*TASK ITEM*. Copy nothing but the lines from the opening of the entries through the line that contains "На фиг.1 изображена", exactly as written. Drop the pictures.

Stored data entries

○ ○ ○ ○ ○ ○ ○

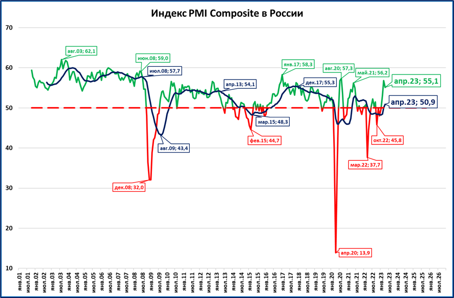 Композитный индекс (55,1 пункта), объединяющий промышленность и услуги, тоже на высоком уровне.
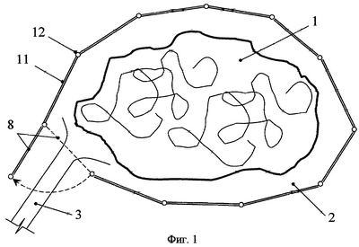 На фиг.1 изображена схема плана необустроенной свалки твердых бытовых или промышленных отходов. На фиг.2 – поперечный разрез свалки.
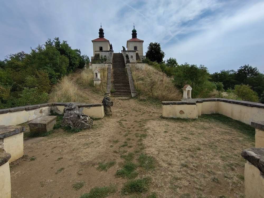 Popojeli jsme asi kilometr a vyšli si na poutní místo Kalvárie. Je to dvojice kapliček na kopci s krásným schodištěm a výhledem do kraje. Vysvětlovat dětem křížovou cestu byl docela oříšek. Místo má každopádně parádní atmosféru a výhled byl skvělý.
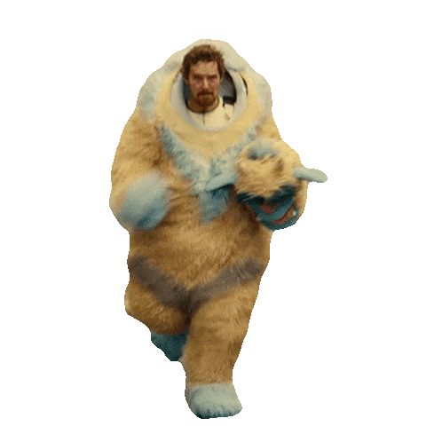 Benedict Cumberbatch as Vincent Anderson, running in a fluffy monster costume with a determined expression.
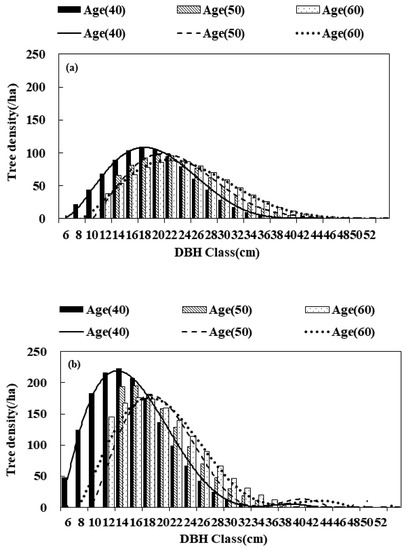 Predicted tree density in (a) managed stands and (b) unmanaged stands in each DBH class of the following stand ages: 40 years, 50 years, and 60 years.
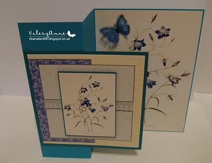 Second card is called a Fold out card. Here I have used complementing  images from two  decoupage popper pads  by Creative Crafting World that I won some time ago in blogland from the lovely Sue T.
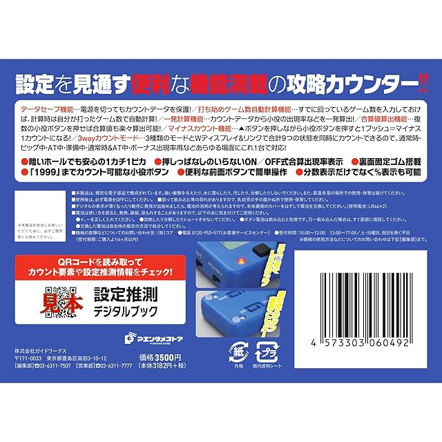 ●大きくて見やすい液晶表示。●Wディスプレイ。●リンク機能。●LED機能。●押しっぱなしのいらないON/OFF式合算出現率表示。

○ ○ ○ ○ ○ ○ ○

*ANSWER FOR THE TASK*.
 Композитный индекс (55,1 пункта), объединяющий промышленность и услуги, тоже на высоком уровне.
 На фиг.1 изображена схема плана необустроенной свалки твердых бытовых или промышленных отходов. На фиг.2 – поперечный разрез свалки.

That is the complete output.